_Extracted data:_
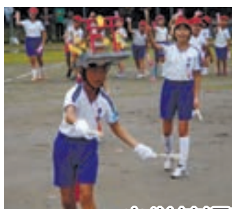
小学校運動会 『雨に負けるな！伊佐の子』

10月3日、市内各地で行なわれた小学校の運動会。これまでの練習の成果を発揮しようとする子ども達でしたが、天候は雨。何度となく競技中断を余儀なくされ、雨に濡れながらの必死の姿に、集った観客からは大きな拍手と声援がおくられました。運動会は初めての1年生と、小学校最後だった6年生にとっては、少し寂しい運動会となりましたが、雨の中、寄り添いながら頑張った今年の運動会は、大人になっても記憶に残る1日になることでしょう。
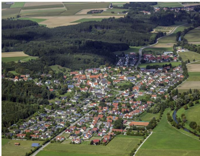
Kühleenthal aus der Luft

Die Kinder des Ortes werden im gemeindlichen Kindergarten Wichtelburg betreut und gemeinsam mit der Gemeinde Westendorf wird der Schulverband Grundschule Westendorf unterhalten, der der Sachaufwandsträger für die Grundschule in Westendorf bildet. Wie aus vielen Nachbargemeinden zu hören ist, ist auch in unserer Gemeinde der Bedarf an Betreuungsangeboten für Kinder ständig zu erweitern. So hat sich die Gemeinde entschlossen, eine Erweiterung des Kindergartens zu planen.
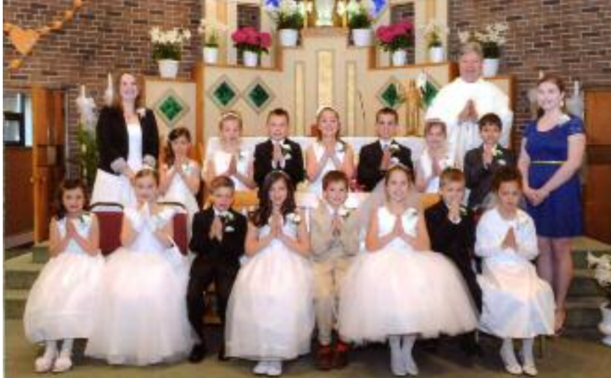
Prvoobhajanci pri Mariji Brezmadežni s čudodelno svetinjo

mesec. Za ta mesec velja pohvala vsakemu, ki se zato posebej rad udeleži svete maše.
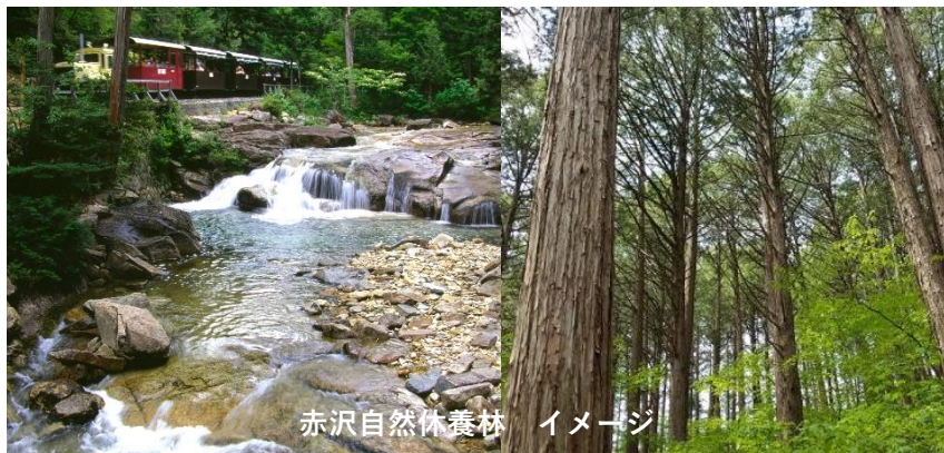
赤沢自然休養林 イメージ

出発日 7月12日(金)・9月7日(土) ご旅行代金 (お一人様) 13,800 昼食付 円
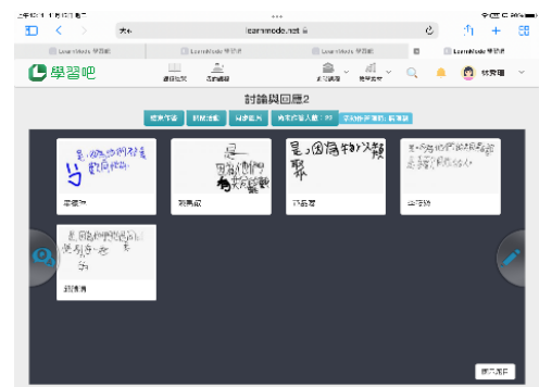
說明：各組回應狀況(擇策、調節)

_Problem details:_ Restate the data word for word from its first line through the line with "Kühleenthal aus der Luft", leaving out any picture along the way.

_Exercise solution:_
小学校運動会 『雨に負けるな！伊佐の子』

10月3日、市内各地で行なわれた小学校の運動会。これまでの練習の成果を発揮しようとする子ども達でしたが、天候は雨。何度となく競技中断を余儀なくされ、雨に濡れながらの必死の姿に、集った観客からは大きな拍手と声援がおくられました。運動会は初めての1年生と、小学校最後だった6年生にとっては、少し寂しい運動会となりましたが、雨の中、寄り添いながら頑張った今年の運動会は、大人になっても記憶に残る1日になることでしょう。
Kühleenthal aus der Luft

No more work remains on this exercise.